Tuesday, September 10, 2013

10 day check in


It's all been going well here so far. After 10 days I have 3 rough drafts in the bag. Maybe I should just be plowing into them head-long, and I am doing that a little (my usual process has been to agonize over each sentence, unable to move to the next until it is perfect. I'm abandoning that for the month, just getting it all down on paper, sloppy and disconnected and stupid but it's out), but there's a lot of sitting with a 1,000 yard stare, doodling, taking notes. Last night I even wrote down some song lyrics. Was I writing in my 7th grade diary? Whatever. It's done.

The piece I wrote last night kind of surprised me. I'd been researching and brainstorming all day. I asked one of my best friends Carla for her thoughts. I listened to relevant music and read a bunch of stories from the website I'm going to pitch to, noting the tone, what has and has not been covered, and what approach they've taken when tackling mature topics for their teen audience (although I think a lot of adults read this particular publication because it's fucking awesome and where were they when I was a teenager?!). I'm pretty nervous about this essay because I have to admit to some really awful things I've done. I think it's an important story so I'm willing to open myself up to the possible abuse, but I'm nervous. At least it's a pretty supportive community on that webpage. I'm hopeful. Also they haven't even accepted the thing and I haven't finished writing it, so let's all just calm down, okay?! Anyway, I had pages and pages of notes, but my eyes hurt from reading and scribbling and I felt kind of burned out, having finished an essay the day before. I thought I'd go to bed early and get up and write.

But no! A few notes turned into 12 pages of writing! I finished around 4:30am, just as "The Thong Song" popped up on my headphones. Nothing heralds the completion of a difficult, deeply emotional essay like "The Thong Song." Or so I have found. That actually kept me awake for another hour at least because I listened to it like 15 times.

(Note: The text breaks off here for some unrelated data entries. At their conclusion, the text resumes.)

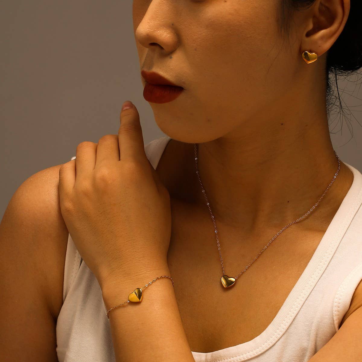 Women??¢s Stainless Steel Heart Jewelry 3-Piece Set_CWMM8880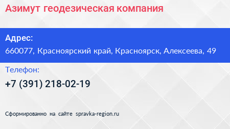 Азимут, геодезическая компания по адресу 660077, Красноярский край, Красноярск, Алексеева, 49 в дальнейшем Организация, размещена в следующих категориях: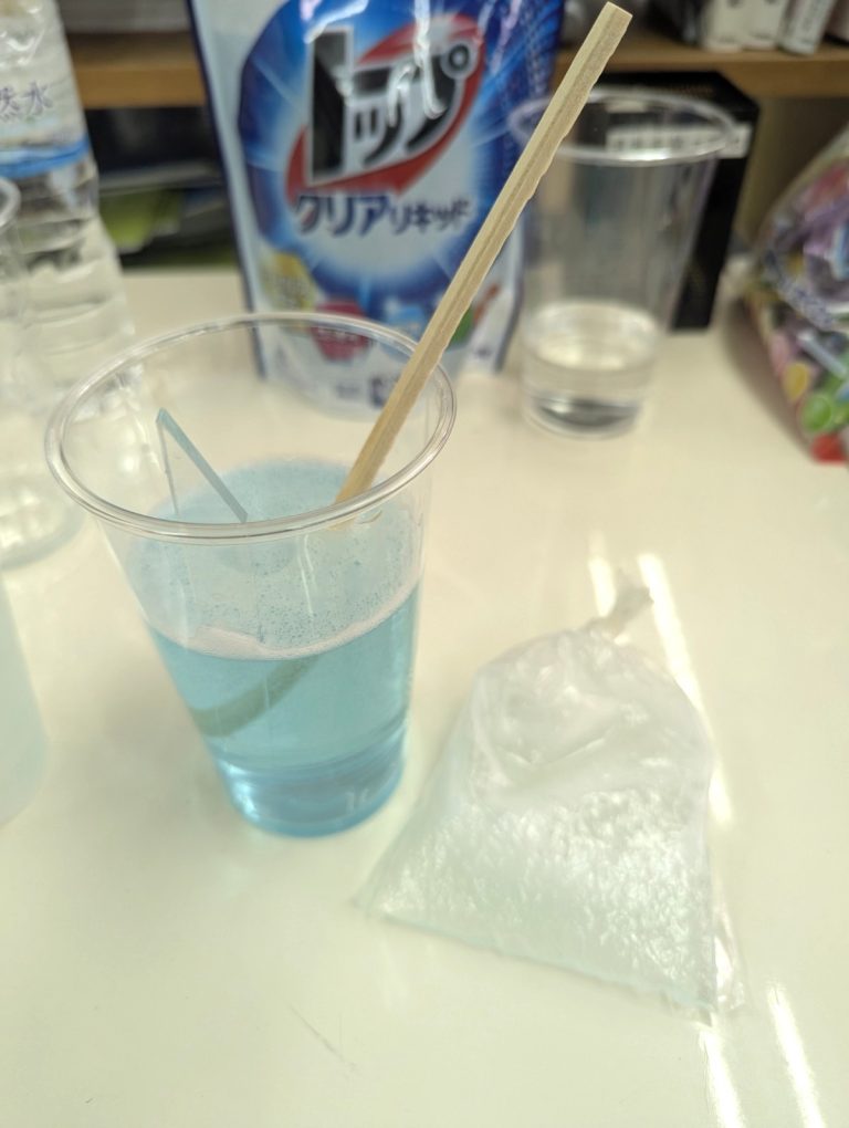 「じゃあ代わりに洗濯洗剤でやってみよう!」と、急きょ方針転換。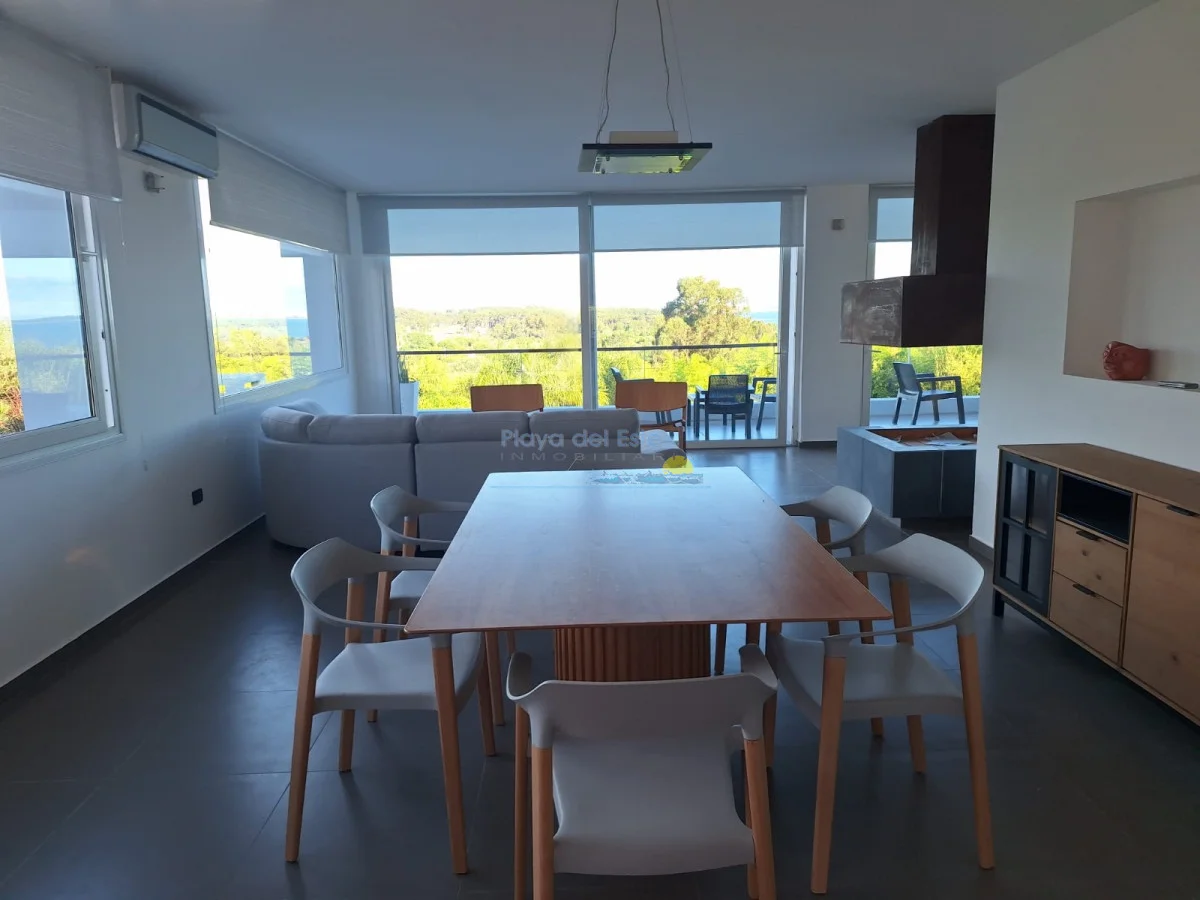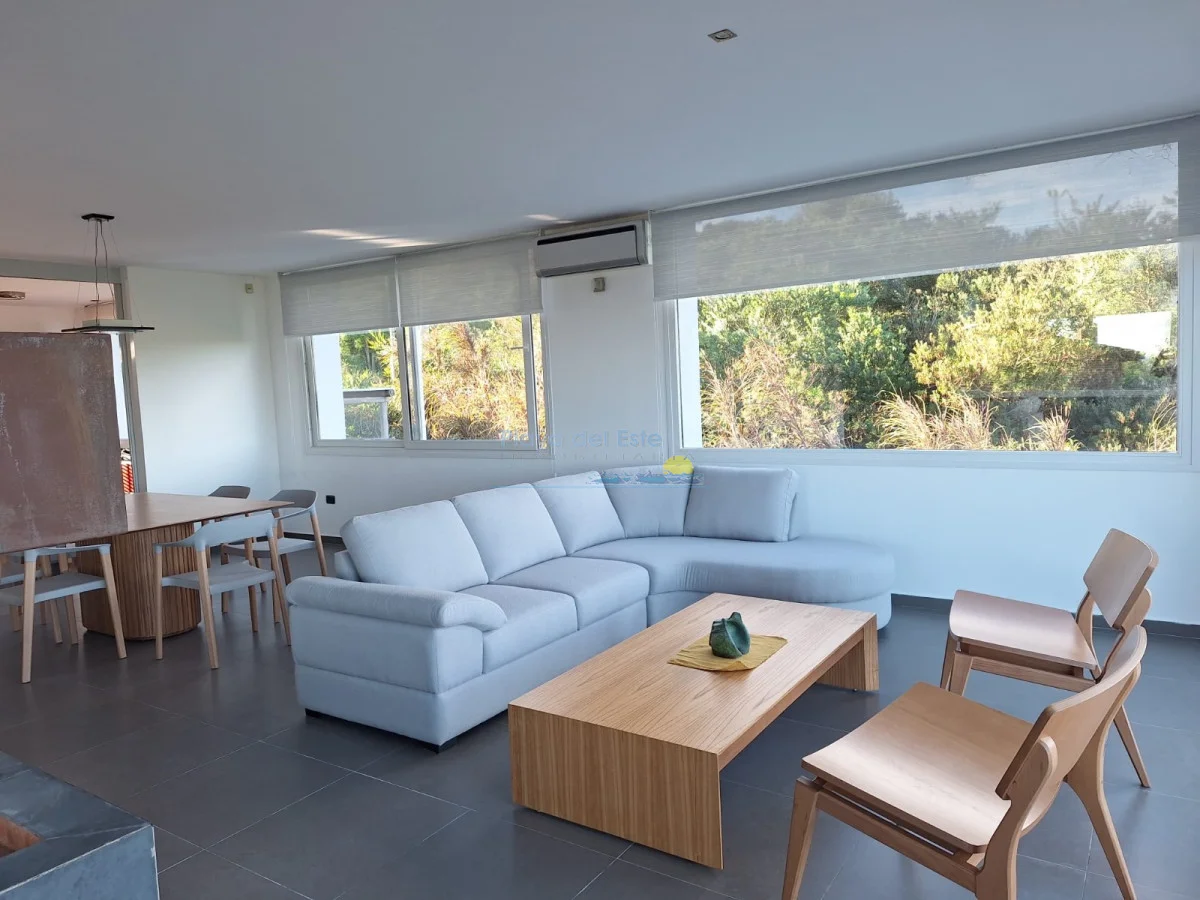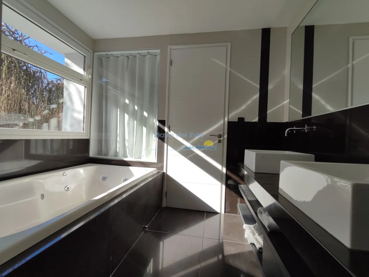 Una casa de la mas alta calidad constructiva con paredes dobles, aberturas de PVC alemán con vidrio doble, techo de hormigón, una casa con terraza con vista al mar, la isla Gorriti y la península de Punta del este, una piscina infinita, parrillero techado.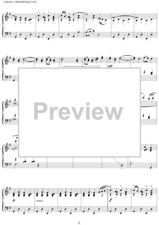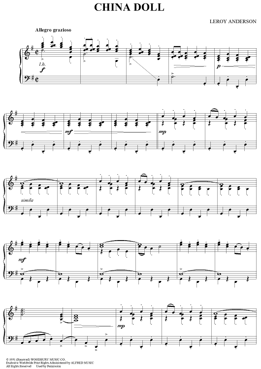 Digital Sheet Music for China Doll by Leroy Anderson scored for Piano Solo; id:321686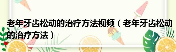 老年牙齿松动的治疗方法视频(老年牙齿松动的治疗方法)

It was a great day to sleep in. It started raining yesterday and it hasn't stopped yet. It's not torrential, and it's not the misty, spittle-in-your-face rain we get in San Francisco. Just steady and audible. Perfect for sleeps. I'm pretending like I don't sleep until 11am every day. It's kind of amazing that after 3 years of waking up between 3:30-6:30am for work and basically training myself to be a morning person (as if getting up at 3:30am really puts me in that category. That's... I don't know. That's its own thing.), to the point that on my days off I usually get up between 8am-9am, it took all of 2 days to revert back to my natural, nocturnal habits. I am staying up into the wee hours and sleeping until late morning (okay, noon today, but I didn't fall asleep until like 5am), the way I always have. I thought I could force a change, but apparently that's just how I function. What's even stranger is I really like working from 4am-12pm. It probably has more to do with half my shift being over before the bakery even opens for business and then getting out of work when the sun is shining and I have the whole day to... nap.

So the plan today is to go back and start typing up and editing what I wrote last night. The overall plan for writing here is first drafts only, to get as much done as I can and then I can refine it when I get back to SF, but there's an actual deadline on this thing, so I need to get rolling.

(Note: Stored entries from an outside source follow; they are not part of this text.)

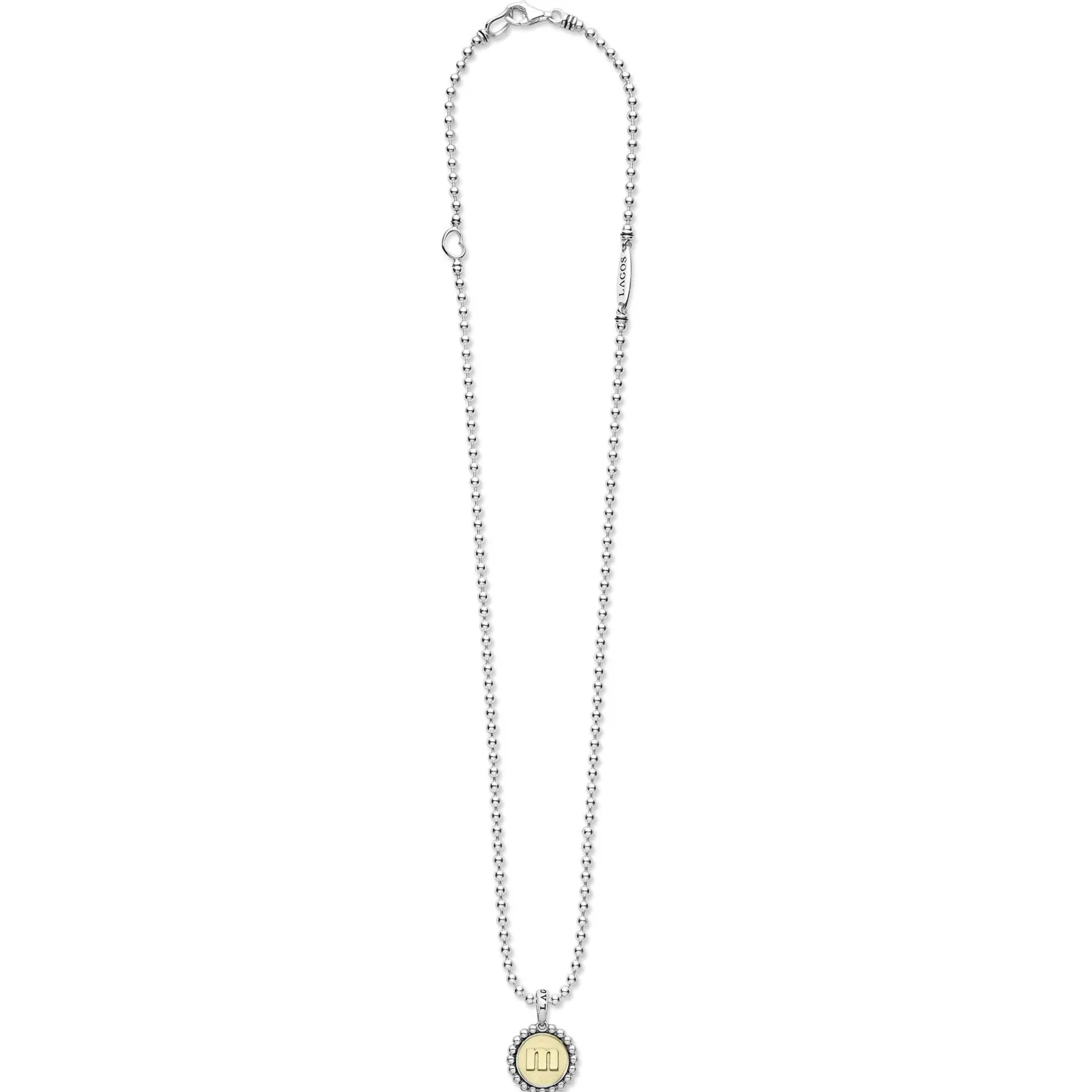 Our Signature Caviar Sterling Silver And 18K Gold Initial ‘M’ Charm Finished On A Sterling Silver Ball Chain Necklace.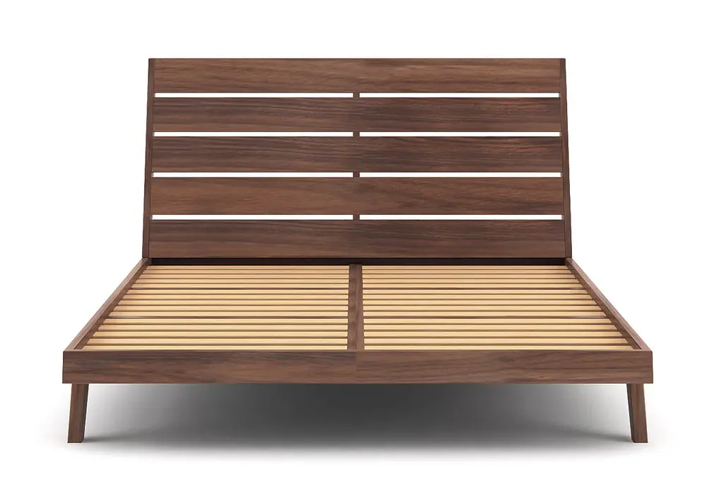 Sturdy wood construction meets airy lightness. Palder Bed features a low base that appears to float off the floor, with a slatted frame and headboard for an open look and ample airflow. A perfect foundation for comfort and serenity in your bedroom. Handcrafted and made to order in the US in your chosen size and wood finish.Crafted in your choice of beautiful, 100% solid hard White Oak, White Maple, American Walnut, or Black Oak. Solid wood slats are spaced to support the mattress while allowing ample airflow.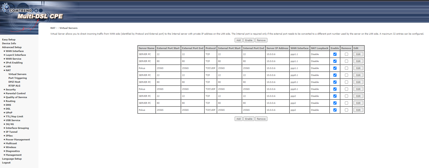 Re: Router, Comtrend VR3031-EUSB – port forwarding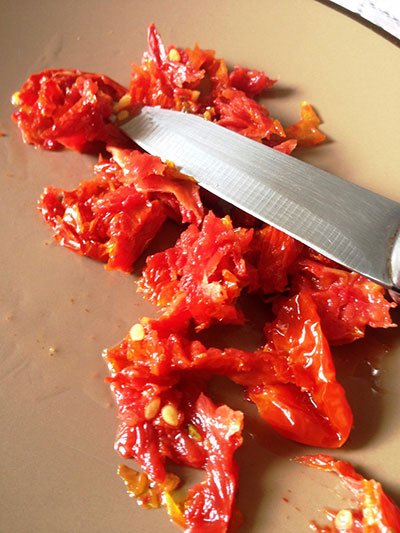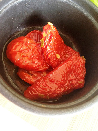 - 4 pedaços de tomates secos em óleo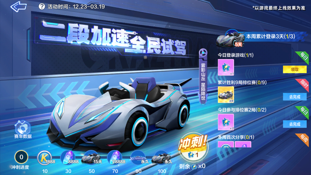 活动时间12.23-03.19完成任务即可免费领取搭载全新“自动二段加速”特性的传说级竞速赛车雾隐星陨,向着2023年全力出发!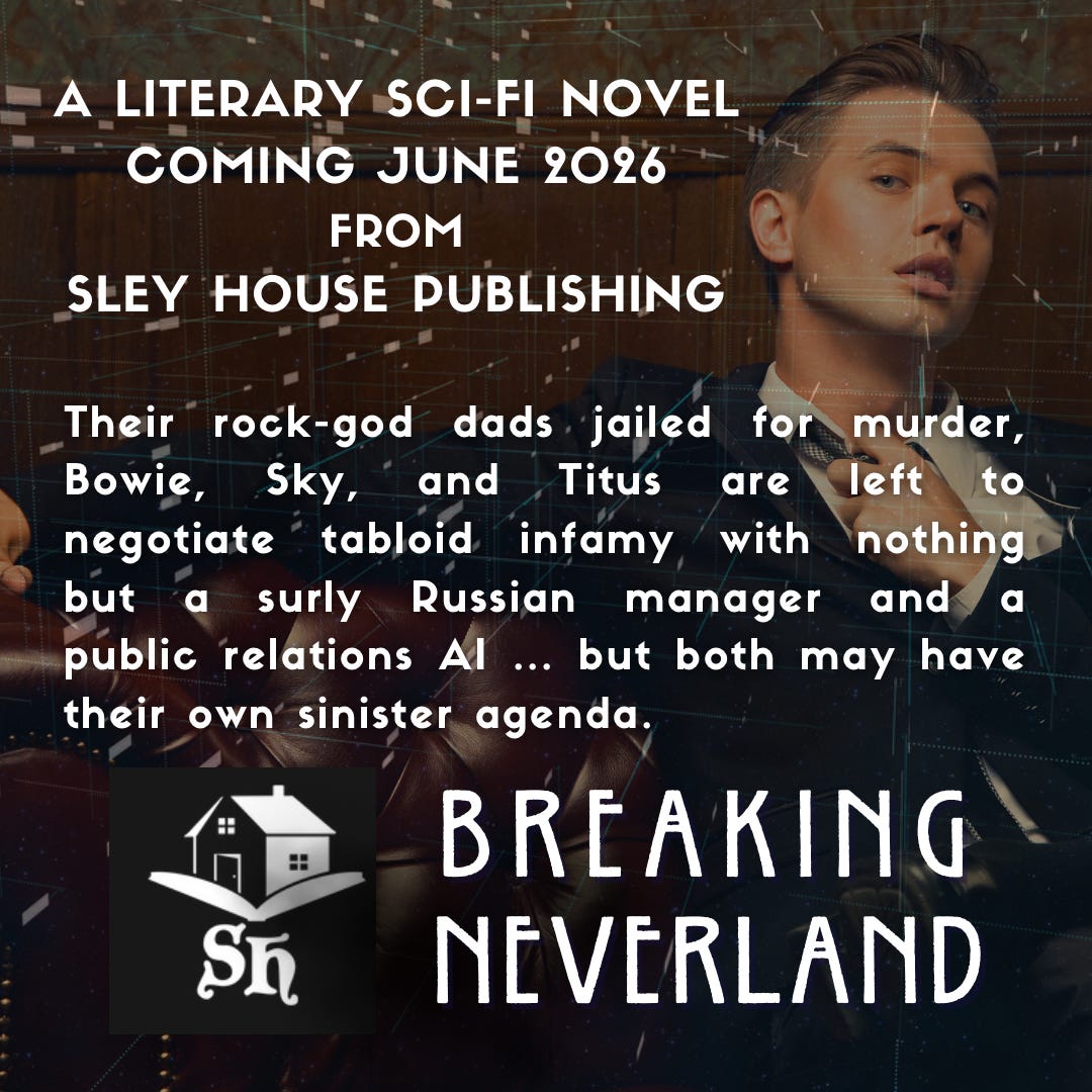 I also signed a deal with Sley House Publishing for Breaking Neverland, a science fiction novel set in the same world as my three-story arc in Hyphenpunk (you can read the stories here, here, and here). I’m thrilled to be working with Jeremy Billingsley and the rest of the Sley House crew.

I've got a few places in New Mexico I plan to visit before the end of the month. White Sands (the Trinity atomic bomb site is there, too, but it's only open to the public once a year. So lame. That would have been a really helpful field trip for an idea that's been rolling around in my brain), Carlsbad Caverns, and a few of the pueblos in the area. If anyone knows of other spots I need to check out before I leave, please leave a comment! (Even if you don't you can still totally leave a comment. Comments make me feel good).

4 comments:

  1. I wonder what kind of withdrawal you would feel and what type of writing it would produce to cut yourself off from the land of the internet and were to go hermit for the next 5 days... Enjoy your long nights and sleepy days!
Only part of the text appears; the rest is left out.